Tools for extreme multi-label classification problems.
git clone https://github.com/kunaldahiya/pyxclib.git
cd pyxclib
python3 setup.py install --user
Usage
from xclib.data import data_utils
# Read file with features and labels (old format from XMLRepo)
features, tabels, num_samples, num_features, num_labels = data_utils.read_data('train.txt')
# Read sparse file (see docstring for more)
# header can be set to false (if required)
labels = data_utils.read_sparse_file('trn_X_Xf.txt', header=True)

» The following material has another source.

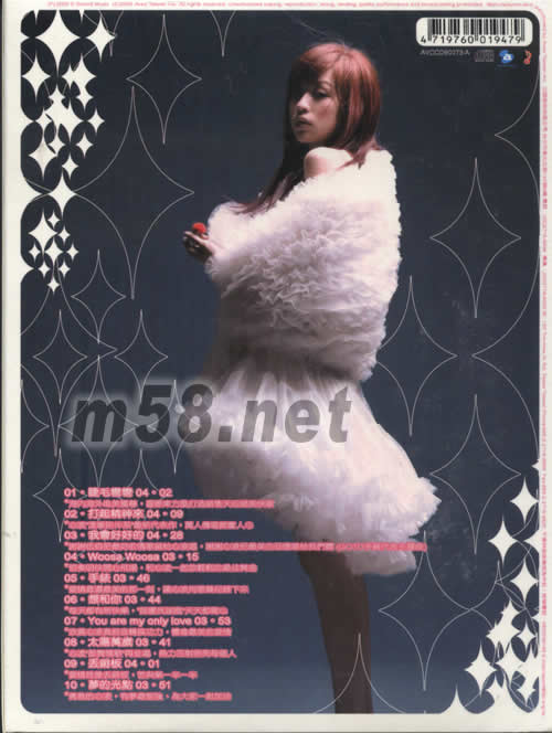 01. 睫毛彎彎 海內外唯美獨尊,國際東方風打造銷量天后絕美快歌 02. 打起精神來 “心凌”溫暖陪伴系 最新代表作,萬人傳唱振奮人心 03. 我會好好的 謝謝伍佰把最好的情歌留給心凌唱,謝謝心凌把美的回憶唱給我們聽(GOTO手表代言主題曲) 04. Woosa Woosa 節奏明快開心飛揚,和心凌一起放輕松的最佳舞曲 05. 手表 愛情最濃最美的那一刻,讓心凌用歌聲紀錄下來 06. 想和你 每天都有新快樂,“搖擺民謠風”天天都開心 07. You are my only love 欣賞心凌真假音轉換功力,體會最美的愛情 08. 太陽萬歲 心凌“鼓舞情歌”再登場,熱力四射照亮每個人 09. 丟銅板 愛情就像丟銅板,苦與樂一半一半 10. 夢的光點 勇敢的心凌,有夢最堅強,為大家一起加油

# Write sparse file (with header)
data_utils.write_sparse_file(labels, "labels.txt")
Implementation of precision, nDCG, propensity scored precision/nDCG and recall is included
from xclib.data import data_utils
import xclib.evaluation.xc_metrics as xc_metrics
# Read ground truth and predictions
true_labels = data_utils.read_sparse_file('tst_X_Y.txt')

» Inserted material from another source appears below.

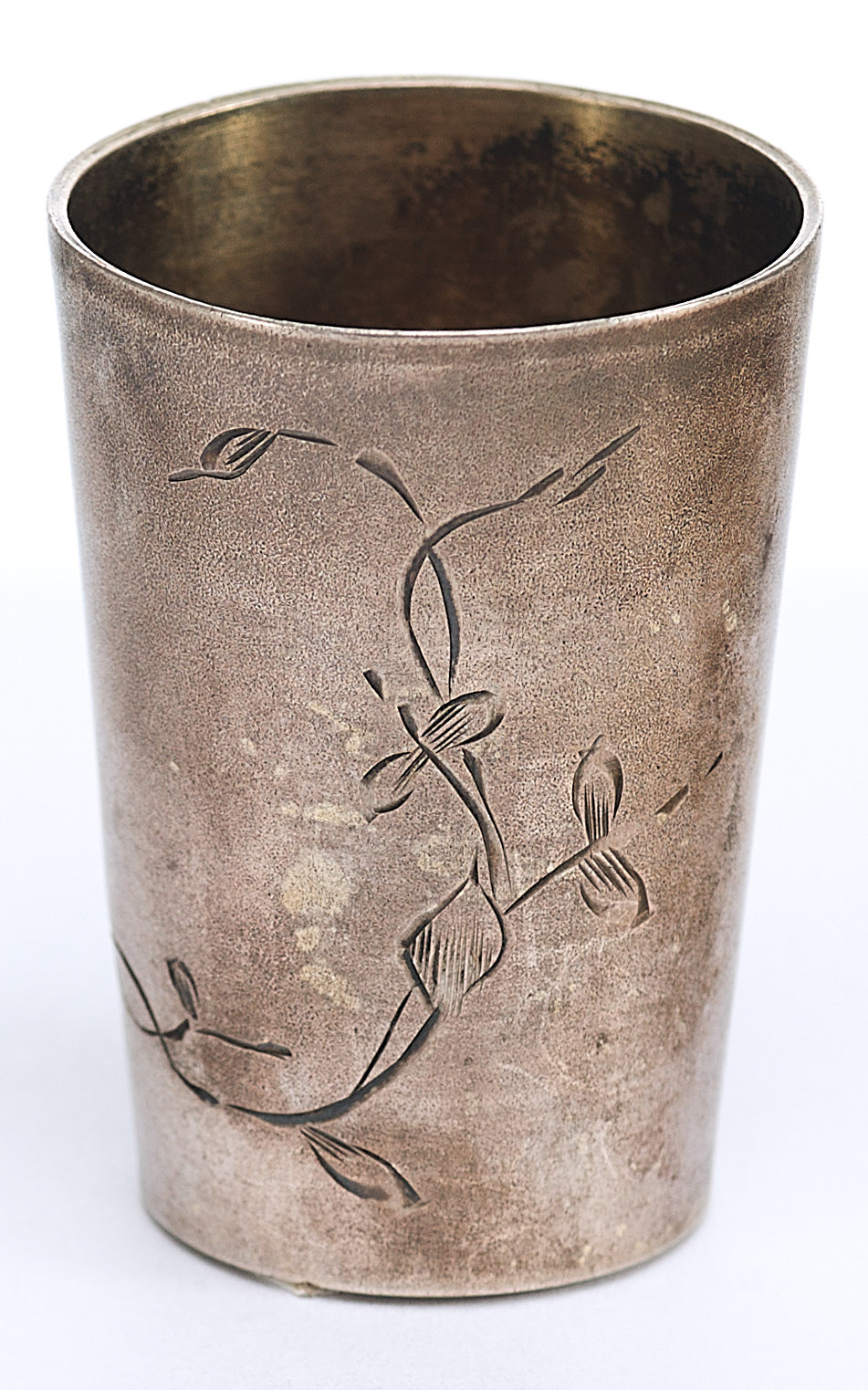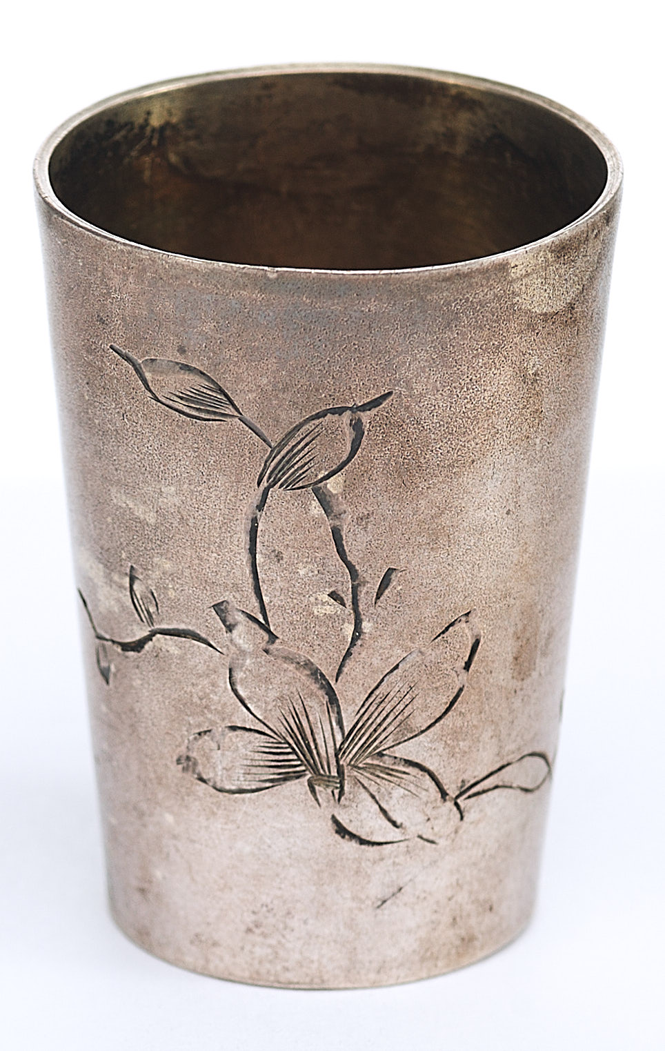 Представлена серебряная стопа, украшенная цветочным рисунком, выполненным в стиле модерн.

predicted_labels = data_utils.read_sparse_file('parabel_predictions.txt')
# evaluate (See examples/evaluate.py for more details)
acc = xc_metrics.Metrics(true_labels=true_labels)

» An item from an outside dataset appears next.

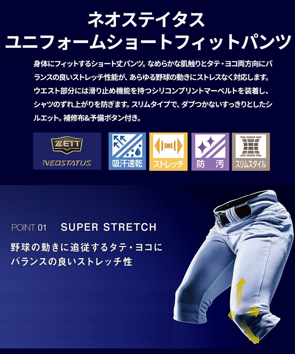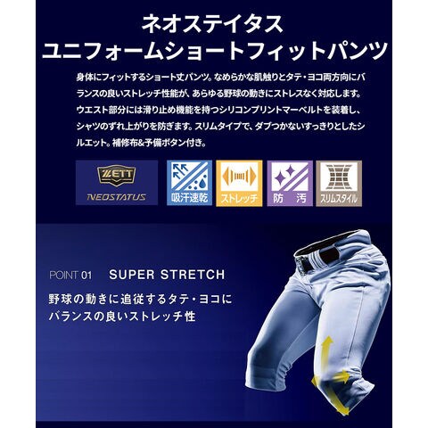 ゼット レギュラーフィットパンツ ユニフォーム 練習用 試合用 メンズ 野球 スポーツ 無地 白 ホワイト ZETT ネオステイタス BU812CP

args = acc.eval(predicted_labels, 5)
print(xc_metrics.format(*args))
- sparse/dense: topk, rank, binarize, sigmoid, normalize, etc.
- dense: topk, binarize, sigmoid, normalize, etc.
- shortlist: Shortlist, ShortlistCentroids, ShortlistInstances, etc.
- analysis: compare_predictions, compare_nearest_neighbors, etc.